Pro Football Hall of Fame — A Letter from the Director
- tim48475
- 3 hours ago
- 3 min read
The Warrior Healing Center is celebrating remarkable news: our founder, Tim Kirk, has been selected by the Pro Football Hall of Fame to receive its Award of Character — and he is the first veteran ever to be recognized with this honor.

Photo credit: Jeff Davenport
Tim Kirk stunned by the presentation of the Pro NFL Hall of Fame Award of Character presented by Hall of Famer, Roger Wehrli and Brittney Payton.
Tim is a local veteran who has turned his pain into purpose in ways that ripple through this community every single day. After 25 years of service in the Air Force, he retired carrying the weight that so many of our warriors carry home: betrayal, survivor's guilt, hypervigilance, insomnia, chronic physical pain, and more. But Tim has always understood his calling. He is a deep thinker who knows that the game asks us to do what's right, not what's easy. He sees the targets that are hidden to others, and he brings the experience he gained leading thousands of troops to bear on the challenges in front of him today.
One of the hardest-won lessons Tim learned is also one of the simplest: injured veterans often find healing by helping others. When pain becomes purpose, it becomes bearable. Tim built the Warrior Healing Center (WHC) in Sierra Vista, Arizona, on that foundation. We are rural. We sit roughly an hour from any specialized resources. And yet our region ranks third in the nation for veterans per capita.
People walk into the Warrior Healing Center every week with a list of "you shoulds." What makes WHC different is that we don't do the "shoulds." We don't do the "everyone does." We don't do the "you have tos." We learned early on that conventional wisdom is not the answer. If it were, the VA and the many veteran service organizations across the country would have solved veteran suicide decades ago.

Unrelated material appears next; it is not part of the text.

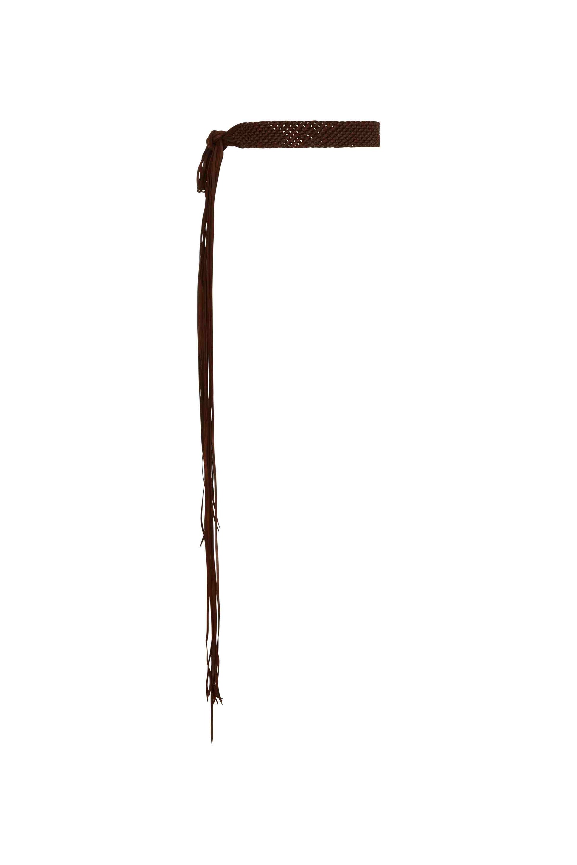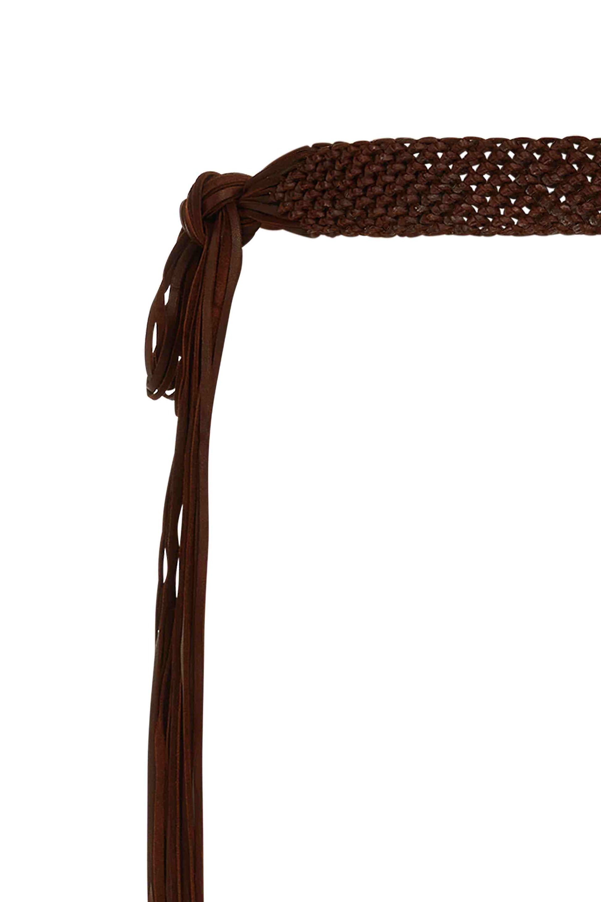 • Macramé leather tie belt with decorative front panel featuring signature knots

They haven't. Despite the billions spent annually on mental health and suicide prevention, the problem continues to grow.

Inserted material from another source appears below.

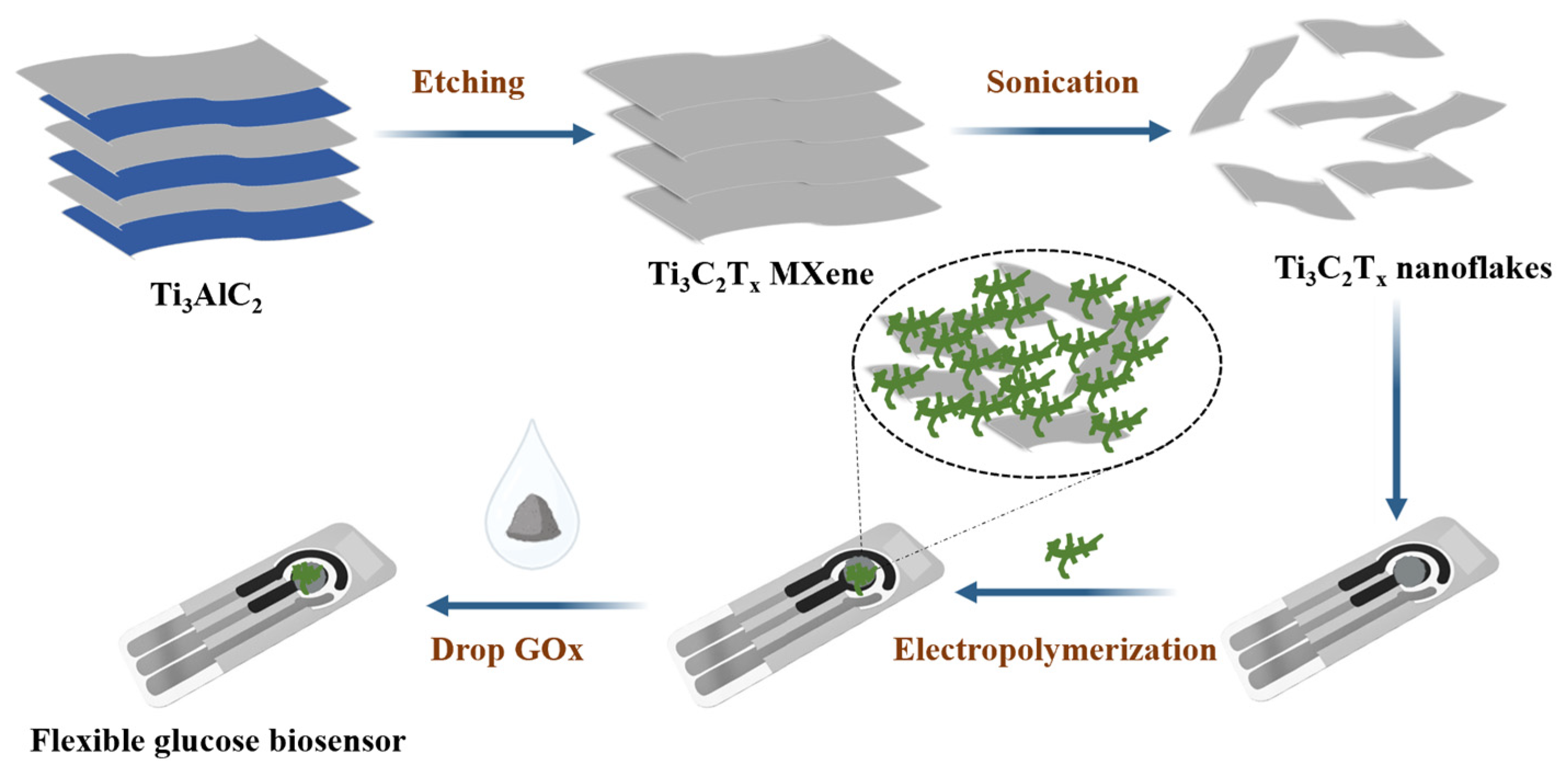 Figure 16. Schematic illustration of the preparation of Ti3C2Tx, Ti3C2Tx/PANI, and the flexible Ti3C2Tx/PANI/GOx flexible glucose biosensor [127].

When we were first getting started, we had to decline the support of a local leader who told us plainly that she would help us only if we promised never to talk about veteran suicide. We took the time to understand her reasoning, then thanked her and walked away. I share that not as criticism, but as context: you cannot solve what you refuse to understand, and you cannot understand what you refuse to discuss. Having the hard conversations has been part of WHC's work from day one.
WHC was never planned. It was a response to a need in this community. We actually began with the goal of creating an indoor dog training center for Soldier's Best Friend (SBF), an Arizona-based nonprofit. Tim had found help and healing alongside the stubbornest coonhound on the planet — Josie, who was introduced to him through SBF — and he saw firsthand how training a service dog could transform a veteran's life. Since 2016, we have watched that program change one life after another. But between veterans navigating PTSD, dogs rescued from shelters, and the realities of training in a public park, Tim graduated from the program convinced that an indoor facility was essential if more veterans were going to benefit from the steady, grounding companionship of a well-trained canine.
Fast forward to today, and WHC has been receiving and responding to 60 intakes per month for the past 16 months — nearly 3,000 veteran requests for assistance handled by a 100% volunteer staff. Our volunteer organizational chart now includes more than 90 distinct lines of effort, each one shaped by what veterans in our community actually need.
Most often, what they need comes down to one thing: community. It is what tends to be missing after a veteran leaves the service. They have "transitioned" out of the DoD and into civilian life, but that transition program offers very little guidance on how to rebuild a sense of identity, purpose, and relationships with people who have no frame of reference for military life. That is what WHC exists to do — help veterans build lives worth living in a civilian world that can feel completely foreign to everything they embodied in uniform.
Tim, thank you for the vision you continue to cast as we build this wheel of care, spoke by spoke. Your insight, your effort, your dedication, and your character have made this real. The Pro Football Hall of Fame got it exactly right.